Tavita, who started 23 games for the Utes, is by far the most experienced, and it shows. So when he took a seat midway through the first half with two fouls and the Golden Lions hanging tough, the true freshman Clair became a focal point.
He had a bit of the deer-in-the-headlights look at first with a couple of tentative passes. But you could see him grow through the tough minutes.
"I feel like I’m getting more confident by the game," said Clair, who had three points, two assists and one turnover in 13 minutes. "If people say (the guards are) not so good they don’t understand it’s about the team, the chemistry, we have that matters. That will take us higher."

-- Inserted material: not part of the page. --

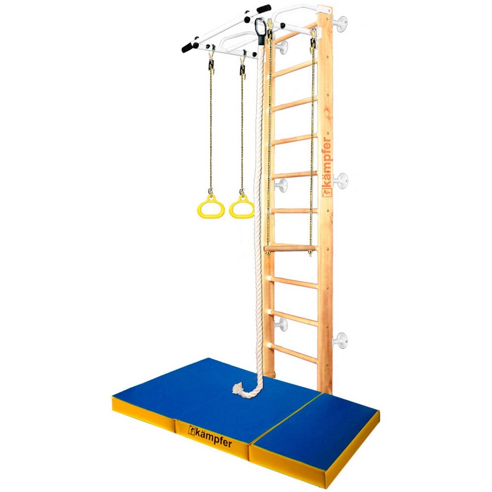 Купить Домашний спортивный комплекс Kampfer Helena Wall c матом №6 - натуральный, белый, синий-желтый

It’s just two games in, and the opposition gets tougher after tonight’s nationally televised game against Houston Baptist. But what Arnold has been promoting as a team of guys that truly enjoys playing with each other has shown to be exactly that this weekend.
"We call it team-manship," Arnold said. "I don’t even know if that’s a word, but it is in Australia."
Which is interesting in itself, considering the roar from the bench that went up when walk-on Michael Harper — the program’s first player from Down Under — made a basket in garbage time.
The big men are unselfish, too. Maybe sometimes to the point of being too much so. After Friday’s game, Arnold described Fotu as a "pass-first power forward," and Christian Standhardinger was able to laugh about an errant drop-off pass he threw instead of taking an open shot.
Those things can be cured, and often the inside passing is a thing of beauty, almost as pretty as Tavita’s alley-oops on opening night, when he had nine assists.
Yes, it is very early. And the turnovers (Tavita had six of the team’s 17 on Sunday) have to come down. But we’re already seeing glimpses where everyone fills their lanes and their roles to perfection.
"Limit (turnovers), then you have a team that can put people away," Akana said.